With larger types that otherwise have similar semantics, you can still have breakage. A straightforward one would be padding in structs. Another one is that a lot of use cases convert pointers to integers and back, so if you change the underlying representation, that's guaranteed to break. Whether that's a good or not is another question, but it's certainly not uncommon.

(Edit: sibling comments make the same point much more succinctly: ABI compatibility!)

jonathrg · 2024-09-28T17:54:39 1727546079

It does work, the problem with ABI changes is that when you change it, you have to change it everywhere at the same time.

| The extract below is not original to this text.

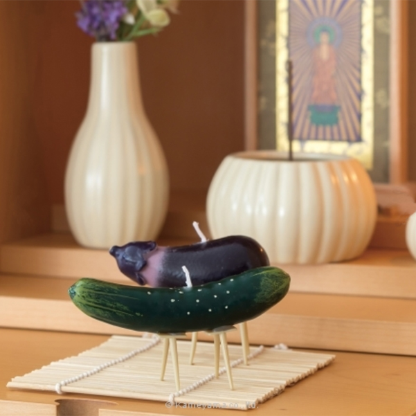 | 商品説明 | 【商品コード:2322】 ■商品詳細 ●重量 : 80 (g) ●サイズ: ナス:φ3.2cm×長さ7cm キュウリ:φ2cm×長さ9.7cm パッケージサイズ:幅11.8cm×長さ11.8cm×高さ6.9cm ●材質:パラフィン(一般的なロウソク原料)・ピック ※こちらの商品は食べられません。 ※火をつける際は、ピックを抜き別途耐熱性のお皿などに移して着火してください。 精霊馬ローソク 故人の好物シリーズ 多くの地方でお盆飾りとして使われる「精霊馬」を、仏壇に飾りやすくミニサイズにして再現しました。 精霊馬は、ご先祖様の送り迎えの乗り物になります。馬はご先祖様が早く帰ってこられるように、牛はゆっくり戻れるようにと言われています。お盆前には、牛と馬を内側に向け、十六日には外に向けて置きます。 本物と違い賞味期限がないので、ずっと飾っておくことができます。 好物キャンドルは、職人が心込めてひとつひとつ丁寧に手作りしています。 『故人が好きだったものを、想いを込めて捧げたい』 そんな思いから誕生した好物キャンドルが、 2015年度グッドデザイン賞を受賞。 人気の「ミニジョッキ」をはじめとした定番アイテムなど様々なラインナップを揃えております。 |

By default there's nothing stopping you from linking one library built using 32-bit off_t with another library built using 64-bit off_t, and the resulting behaviour can be incredibly unpredictable.

devit · 2024-09-28T20:24:09 1727555049

The C library uses macros so that the referenced symbols are different depending on ABI (e.g. open becomes open64, etc.), but most 3rd party libraries don't bother with that, so they break if their API uses time_t/off_t.

raldi · 2024-09-28T18:15:35 1727547335

I think the main reason they’re introduced is to provide a hint to the programmer and maybe some typesafety against accidentally passing, say, a file descriptor.

account42 · 2024-10-02T14:18:08 1727878688

They are introduced to abstract ABI differences into a common API. They change when you move to a different system but chaning them on the same system was never the intent.

n_plus_1_acc · 2024-10-02T19:54:01 1727898841

That makes sense, thank you.

progbits · 2024-09-28T17:54:11 1727546051

Edit: nevermind others raise better points.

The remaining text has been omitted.